# Nicodemus doing what he does best!



## Handgunner (May 6, 2008)

Nick came over to spend a day or two with me and we decided to do some flint-knapping.

I had a piece of green glass about the size of a cantaloupe.  I guess it was green glass, we're not sure.  Anyhow, I wanted Nick to make a point out of it for me, since I don't trust myself with it yet.. 

Here is what he did.. After getting the flake off, it took him probably no more than 10 minutes to pressure flake, notch and finish the point.

Amazing!

The first picture is of the rock, with the point laying where the  flake was taken from.  The next two pictures are of Nick holding the finished product, and then a good clear picture of it back lit by the sun...


----------



## bam_bam (May 6, 2008)

Nice, bet yall had some kinda fun


----------



## dawg2 (May 6, 2008)

That looks great!  Takes some talent right there.


----------



## The AmBASSaDEER (May 6, 2008)

Freakin Sweet! I wish I had skills like that!


----------



## Bruz (May 6, 2008)

Looks great as usual. You can't hide talent

Do you have any idea where that "glass" came from?

Robert


----------



## Queegua (May 6, 2008)

Great Job Nic !... awesome pics as well!


----------



## Handgunner (May 6, 2008)

Bruz said:


> Looks great as usual. You can't hide talent
> 
> Do you have any idea where that "glass" came from?
> 
> Robert


No I don't to be honest with ya.  It's told that my uncle Doyle found it in a cave, but we're not sure.

It's odd in a way, that one one side it has crystal-like stuff on it...


----------



## FX Jenkins (May 6, 2008)

purdy......the arrowhead..not Nic..


----------



## Handgunner (May 6, 2008)

FX Jenkins said:


> purdy......the arrowhead..not Nic..


 

I would have taken more pictures... but...


----------



## Bruz (May 6, 2008)

Handgunner said:


> No I don't to be honest with ya.  It's told that my uncle Doyle found it in a cave, but we're not sure.
> 
> It's odd in a way, that one one side it has crystal-like stuff on it...



Delton,

It looks like Sea Glass to me but it's BIG for that. The color is almost identical to old Coca Cola glass.

Robert


----------



## Jake Allen (May 6, 2008)

Nice job Nic. You are a talented fellar for sure!
j


----------



## coolbreezeroho (May 6, 2008)

Where's mine at.........?   Beautiful work !!!


----------



## Gadget (May 6, 2008)

nice work nic


----------



## Nugefan (May 6, 2008)

FX Jenkins said:


> purdy......the arrowhead..not Nic..




   ....

purty rock into point .....


----------



## Nicodemus (May 6, 2008)

FX Jenkins said:


> purdy......the arrowhead..not Nic..



 Thanks, I think!!


----------



## miller (May 7, 2008)

Whatever it is, it looks like the flakes might be sharp! 

Nice knapping nic.


----------



## Handgunner (May 7, 2008)

Bruz said:


> Delton,
> 
> It looks like Sea Glass to me but it's BIG for that. The color is almost identical to old Coca Cola glass.
> 
> Robert


It's really green... almost emerald green in the whole stone...

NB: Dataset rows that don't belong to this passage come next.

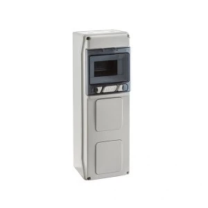 IP65 Rozdzielnica budowlana 1x6 STAR (1500V DC) z otworami na gniazda przemysłowe to wytrzymała rozdzielnica natynkowa o stopniu ochrony IP65 i odporności mechanicznej IK08, wykonana z tworzywa sztucznego. Posiada 1 rzędy po 6 modułów, szynę DIN, pojedyncze transparentne drzwi oraz opcjonalny zamek na przycisk. Wymiary: 436 x 142 x 137 mm. Oferuje 6 wejść kablowych i 2 otwory. Posiada II klasę izolacji i jest przystosowana do napięcia izolacji 1000V AC / 1500V DC.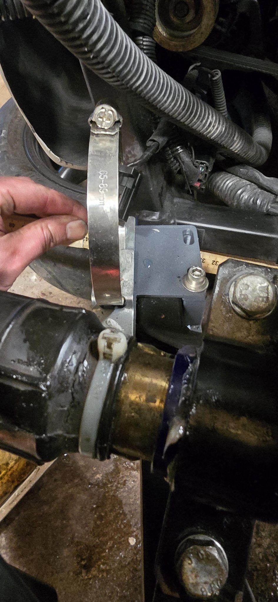 Kapa bussningen med bågfil (utan att röra materialet utanför) så flexar den bättre och kanske kan övertygas lättare?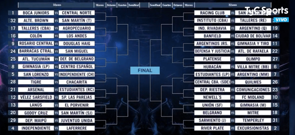 HORARIOS DEL SORTEO DE LA COPA ARGENTINA: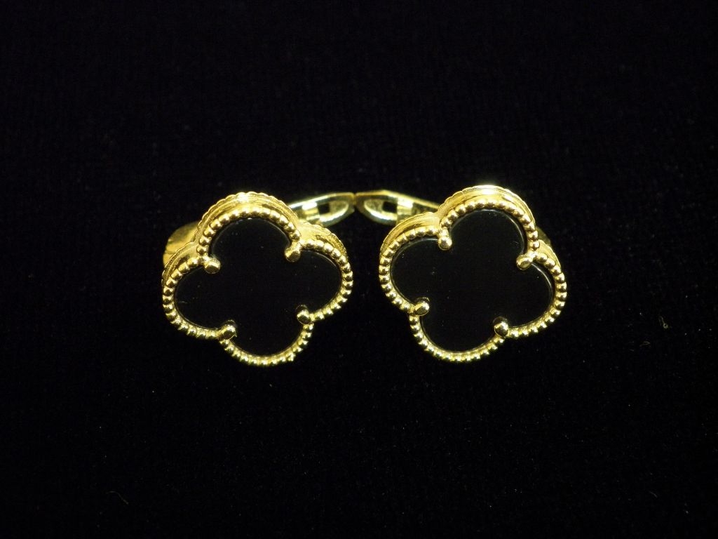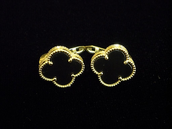 Златни обеци със черен седеф,английско закопчаване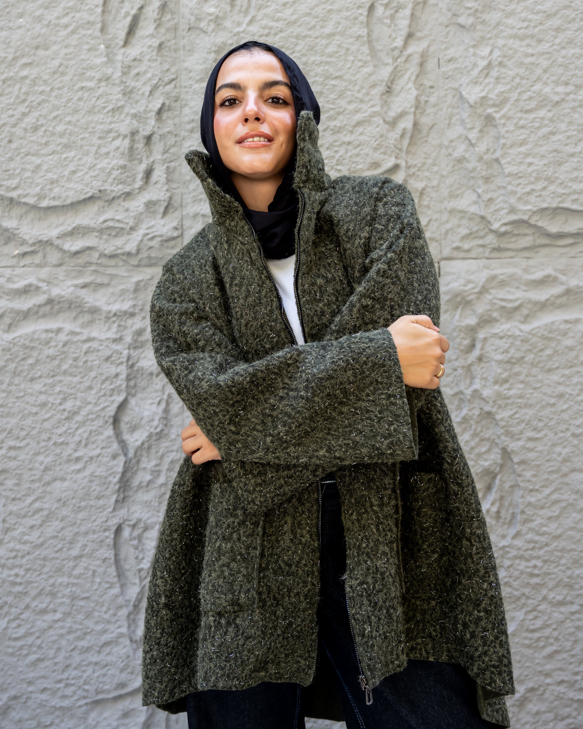 A chic blend of soft fur and textured bouclé fabric, designed in a timeless olive shade for an elegant winter look. Stylish, cozy, and perfect for any occasion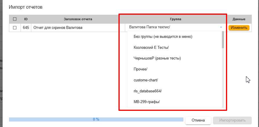 Выберите файл exported_reports.json, полученный в результате экспорта. В открывшемся окне «Импорт отчетов» выберите все или отметьте галочкой только нужные.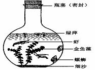 29.右图所示,是某校研究性学习小组的同学模拟池塘生态系统制作的一个封闭生态瓶(瓶中生物生长良好),请据图回答: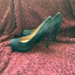 These suede platform pumps feature seam details at the toe and heel cap. 1.25" hidden platform and 4.75" covered stiletto heel. Leather sole.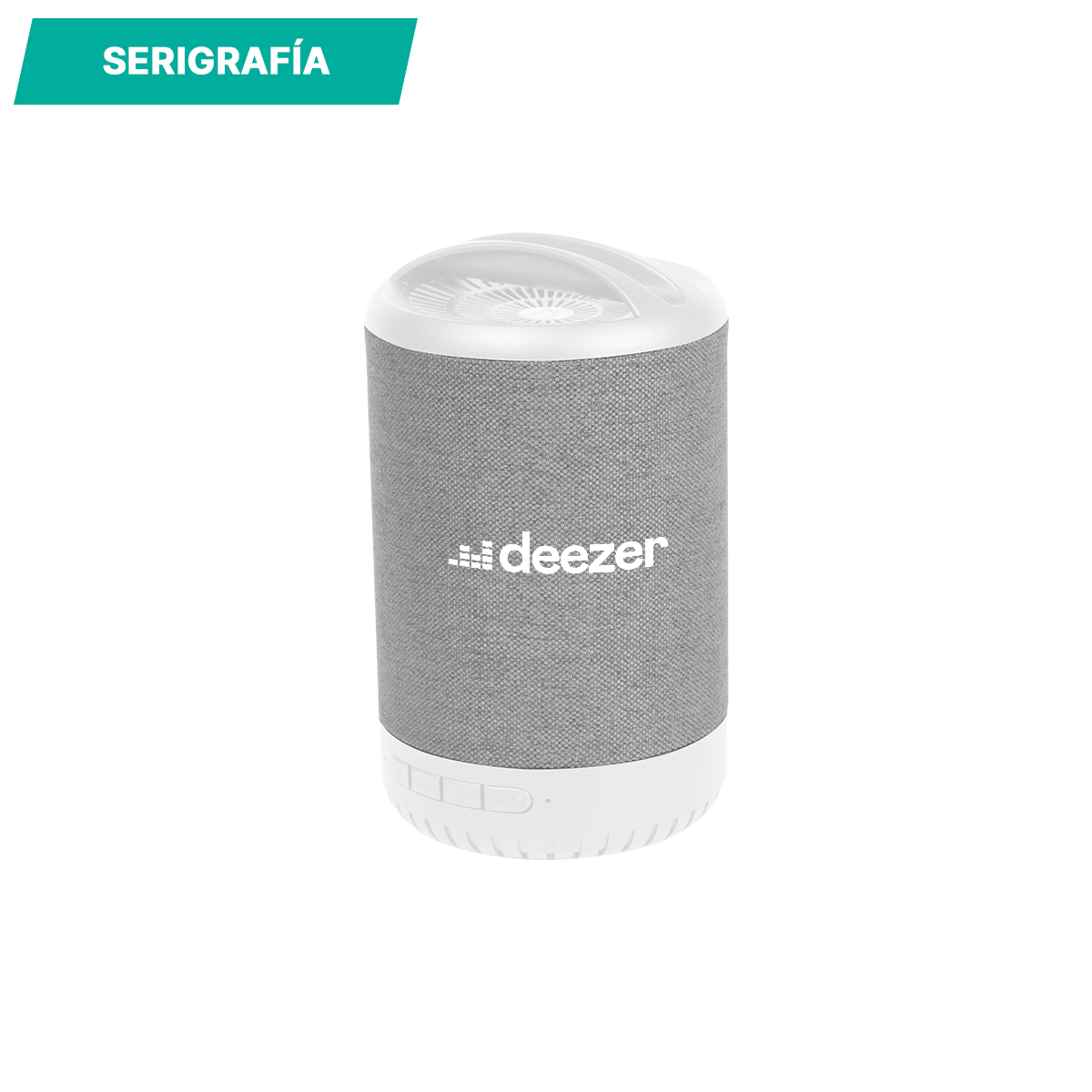 Bocina Baratti. - Bocina con conexión de sonido sin cables, radio FM, entrada para tarjeta TF y memoria USB, fabricada en plástico ABS con cubierta de tela y soporte para celular en la parte superior. En la parte inferior se encuentran 4 botones para manipular la musica, carga a través de cable USB (incluido). Incluye caja de cartón individual.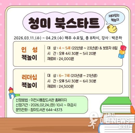 이런뉴스(e-runnews) 김삼성 기자 | 이천시립청미도서관은 오는 3월 11일부터 4월 29일까지, 유아와 보호자를 대상으로 ‘상반기 북스타트 책놀이’ 프로그램을 운영한다.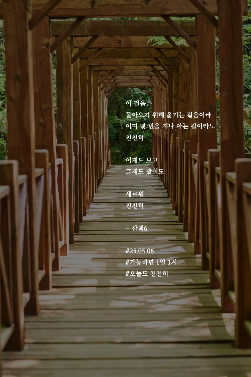이 걸음은돌아오기 위해 옮기는 걸음이라이미 몇 번을 지나 아는 길이라도천천히어제도 보고그제도 봤어도새로워천천히- 산책6#25.05.06#가능하면 1일 1시#오늘도 천천히 작가의 말: 보고 봤어도 새로운 날들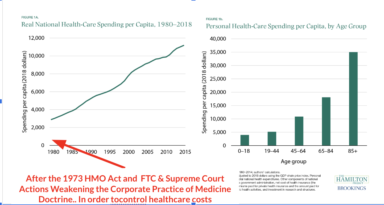 However, CPoM doctrine was weakened in the 1970's by Federal actions intended to control healthcare costs by demoting the profession of medicine from "learned profession" to that of a commodity, and paving the way for corporations to dominate the the medical profession and healthcare system. Today, 74% of physicians are employees of corporations, and healthcare costs have skyrocketed. Existing CPoM laws go broadly un-enforced by state Attorneys Generals despite increasing calls to do so.

What exactly is "Sea Glass"?  I can't say I've heard of it...


----------



## marknga (May 7, 2008)

Kryptonite


Seriously that is a really pretty point.


----------



## schleylures (May 7, 2008)

looks reallyyyyyyyyyyy nice


----------



## BgDadyBeardBustr (May 7, 2008)

That is a sweet looking point. I would have loved to have been there to have seen Nic do that. I did not get to see him Napping at the get together. Beautiful work that Man can do. Tim


----------



## Nicodemus (May 8, 2008)

If that stuff is Kryptonite, I`d love to have a couple of tons of it!


----------



## schleylures (May 8, 2008)

i bet i could break one into three or four pieces


----------



## Fireaway (May 14, 2008)

Seeing that makes me want to learn how to knap points


----------



## SGADawg (May 14, 2008)

Brilliant green, crystal stuff on one side, found in a cave...

It's an emerald, probably worth several million bucks being that big and perfect.











Wait, Nic flaked some off one side.  That does it, worthless now.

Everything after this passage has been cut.